=== Section Start ===

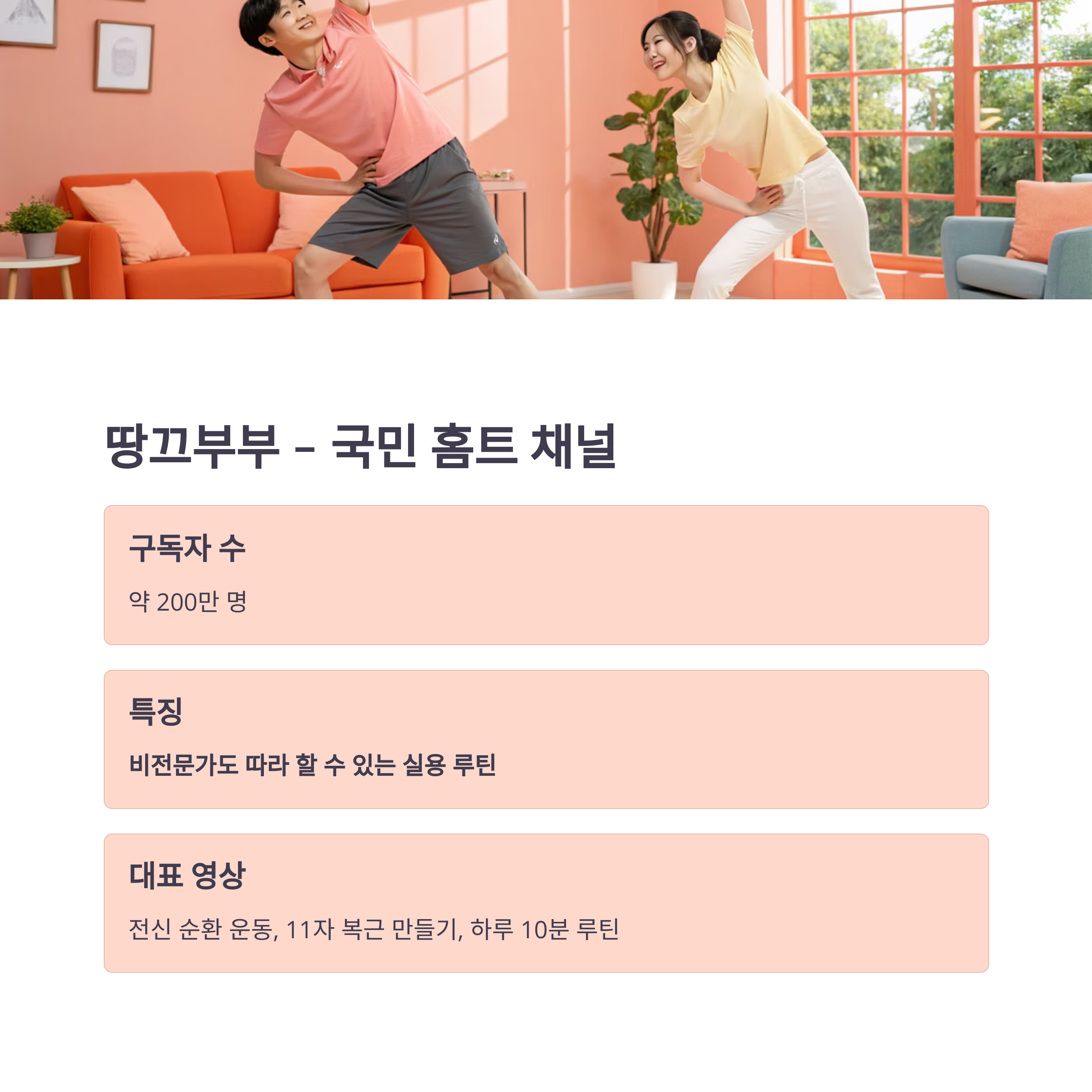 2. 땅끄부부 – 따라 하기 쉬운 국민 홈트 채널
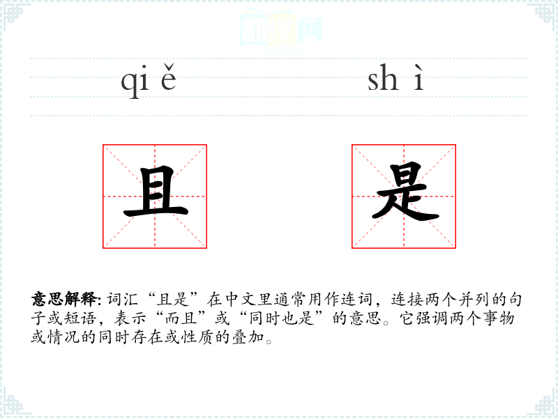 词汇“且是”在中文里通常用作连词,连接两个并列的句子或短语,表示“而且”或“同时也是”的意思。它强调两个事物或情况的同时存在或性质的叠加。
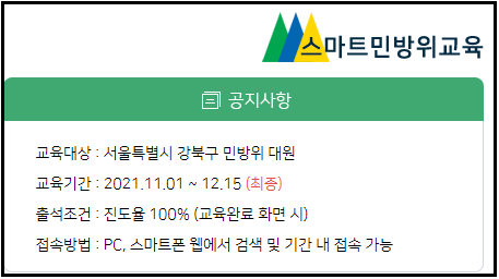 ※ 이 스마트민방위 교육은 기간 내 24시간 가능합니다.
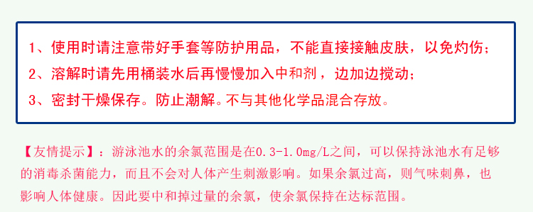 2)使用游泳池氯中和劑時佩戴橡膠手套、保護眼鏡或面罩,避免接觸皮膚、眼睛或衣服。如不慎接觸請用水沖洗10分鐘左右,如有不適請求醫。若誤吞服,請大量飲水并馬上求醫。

=== Section End ===

> _WHAT IS EXPECTED_: Repeat the listing exactly, pictures excluded.

> _SOLUTION FOR THIS PROBLEM_:
 2. 땅끄부부 – 따라 하기 쉬운 국민 홈트 채널
 词汇“且是”在中文里通常用作连词,连接两个并列的句子或短语,表示“而且”或“同时也是”的意思。它强调两个事物或情况的同时存在或性质的叠加。
 ※ 이 스마트민방위 교육은 기간 내 24시간 가능합니다.
 2)使用游泳池氯中和劑時佩戴橡膠手套、保護眼鏡或面罩,避免接觸皮膚、眼睛或衣服。如不慎接觸請用水沖洗10分鐘左右,如有不適請求醫。若誤吞服,請大量飲水并馬上求醫。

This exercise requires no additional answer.